Following the September 2009 letter, the FTC saw increasing consumer complaints that Soundboard calls were not playing appropriate responses to consumers’ questions, that live sales agents were not intervening, and that sales agents were handling more than one call at a time. This undercut the FTC staff’s rationale behind its September 2009 letter. Following further investigation, the FTC staff announced in a November 10, 2016 letter that it was revoking its prior opinion and now considered Soundboard technology subject to the Robocall Rule. The FTC staff’s main rationale was that Soundboard calls do, in fact, use pre-recorded messages and are therefore subject to the Rule. However, the staff left no doubt that “the increasing volume of consumer complaints, and the abuses we have seen since we issued the September 2009 letter” were a driving force behind the reversal. The 2016 letter gave the telemarketing industry six months to adjust, stating the new opinion would become effective on May 12, 2017.

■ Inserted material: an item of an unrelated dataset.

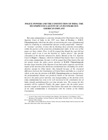 Datar, Arvind and Swaminathan, Shivprasad (2014) Police powers and the Constitution of India: The inconspicuous ascent of an incongruous American implant. Emory International Law Review, 28 (1). pp. 63-121. ISSN 1052-2850

On January 23, 2017, the Soundboard Association filed suit in the U.S. District Court for the District of Columbia to challenge the 2016 letter opinion, styled Soundboard Association v. U.S. Federal Trade Commission, No. 17-cv-00150 (APM) (D.D.C.). The complaint first alleged the 2016 opinion was a “legislative rule” that, under the Administrative Procedures Act, the FTC was required to promulgate through notice and comment, which it did not do. The complaint also alleged the 2016 opinion effects a content-based speech restriction in violation of the First Amendment, because the Robocall Rule (to which Soundboard calls are now subject) applies to solicitations for charitable contributions directed to first-time donors, but expressly excludes such solicitations made to people who previously donated to, or are members of, the charity in question. See 16 CFR § 310.4(b)(1)(v)(B). According to the Soundboard Association, that carve-out improperly restricts speech based on what the caller says during the call – namely, whether the caller requests a first-time charitable donation or a repeated donation.

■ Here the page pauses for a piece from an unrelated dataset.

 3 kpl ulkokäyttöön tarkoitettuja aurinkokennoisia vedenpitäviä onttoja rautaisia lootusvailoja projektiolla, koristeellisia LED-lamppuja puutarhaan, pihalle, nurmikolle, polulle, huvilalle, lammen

In an April 24, 2017 opinion, the district court rejected both arguments, granted the FTC’s motion for summary judgment, and denied the Soundboard Association’s cross-motion for summary judgment. The court first explained that the 2016 opinion is not a legislative rule that must be promulgated through notice and comment because it does not supplement or effect a substantive change in the Robocall Rule. Instead, the court held the 2016 opinion is an “interpretive rule” because it only communicates the FTC staff’s interpretation, based on new evidence, that Soundboard technology falls within the Rule’s existing restrictions on prerecorded messages. The district court described the nature of the FTC staff’s conclusion – that an existing regulation now applies to a particular form of telemarketing technology as currently used by the industry – as a “quintessential interpretive rule” which does not require notice and comment. Soundboard Association v. FTC, 2017 WL 1476116, at *11 (D.D.C. Apr. 24, 2017), appeal docketed, No. 17-5093 (D.C. Cir. Apr. 28, 2017).

The court then held the Robocall Rule’s carve-out for charitable solicitations to prior donors or current members does not create a content-based speech restriction. Instead, the restriction is content-neutral because it turns on who the recipient is – a first-time donor or a prior donor – not what is said. Id. at *13-14.

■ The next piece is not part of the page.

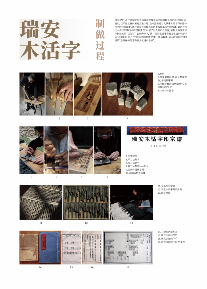 展览分为序和汉字设计的现代化之路两个大部分,序为:中国传统活版印刷开启文字设计大历史;展览主体分从现代印刷字体的萌芽、字体设计的自主开发、国家主导的字体设计、汉字开始进入信息时代、中国现代字体蓬勃发展和文字展现文化共同体等几个角度梳理了汉字设计的现代化之路。展览聚集了大量散落于海内外博物馆、图书馆的资料及国内外相关专家的珍藏的文献、档案、实物,通过出版物实物、展板、海报、多媒体等多种形式多层次的展现汉字发展的历程。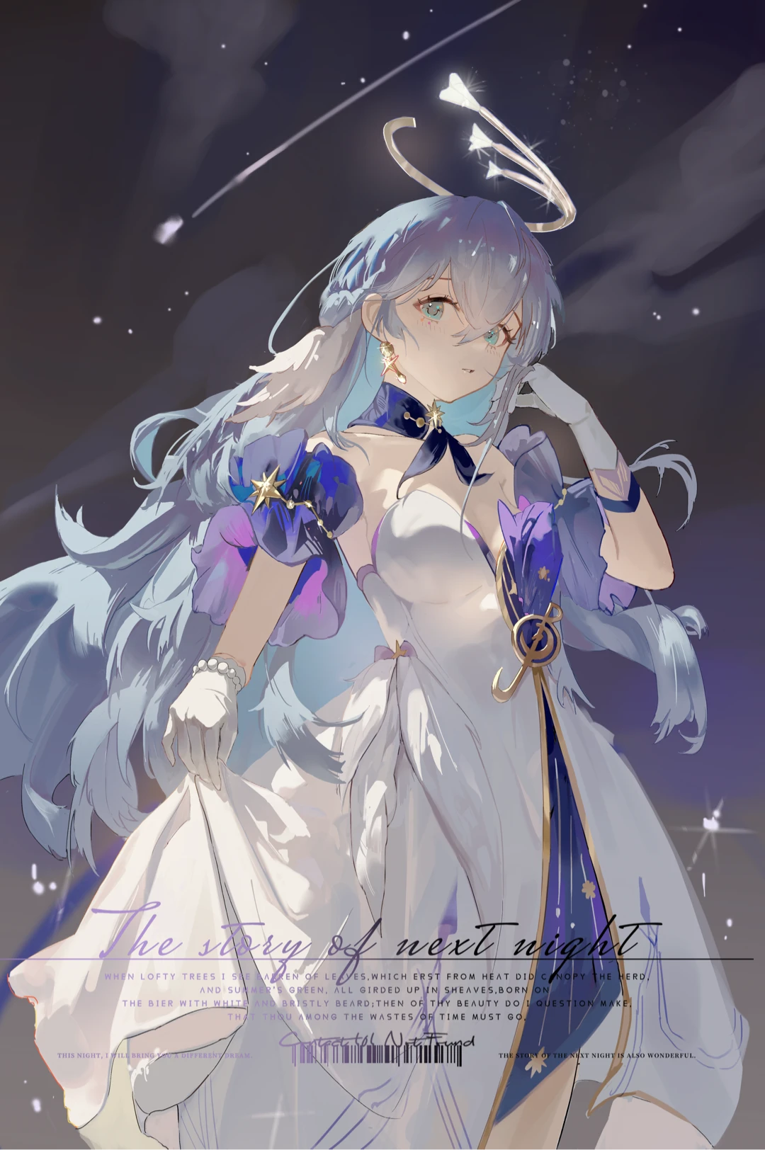 1girl bare_shoulders blue_hair bracelet choker cowboy_shot detached_sleeves dongzhi10223 dress earrings gloves gold_trim green_eyes hair_between_eyes halo hand_up head_wings highres holding_own_dress honkai:_star_rail honkai_(series) jewel_under_eye jewelry long_hair looking_at_viewer musical_note_ornament parted_lips pearl_bracelet purple_choker purple_dress purple_sleeves robin_(honkai:_star_rail) shooting_star short_sleeves sleeveless sleeveless_dress solo strapless strapless_dress two-tone_dress white_dress white_gloves white_wings wings

The Soundboard Association has appealed the district court’s decision to the D.C. Circuit. Stay tuned to the KTS Class Action Blog for updates on where this issue comes out.

Takeaway:

For the time being, telemarketers using Soundboard technology have until May 12, 2017 to ensure they comply with the TSR’s provisions (16 CFR § 310 et seq.) applicable to the use of pre-recorded messages. Companies using this technology should carefully review the TSR, stay apprised of developments in the Soundboard Association’s appeal, and seek legal advice regarding any compliance questions.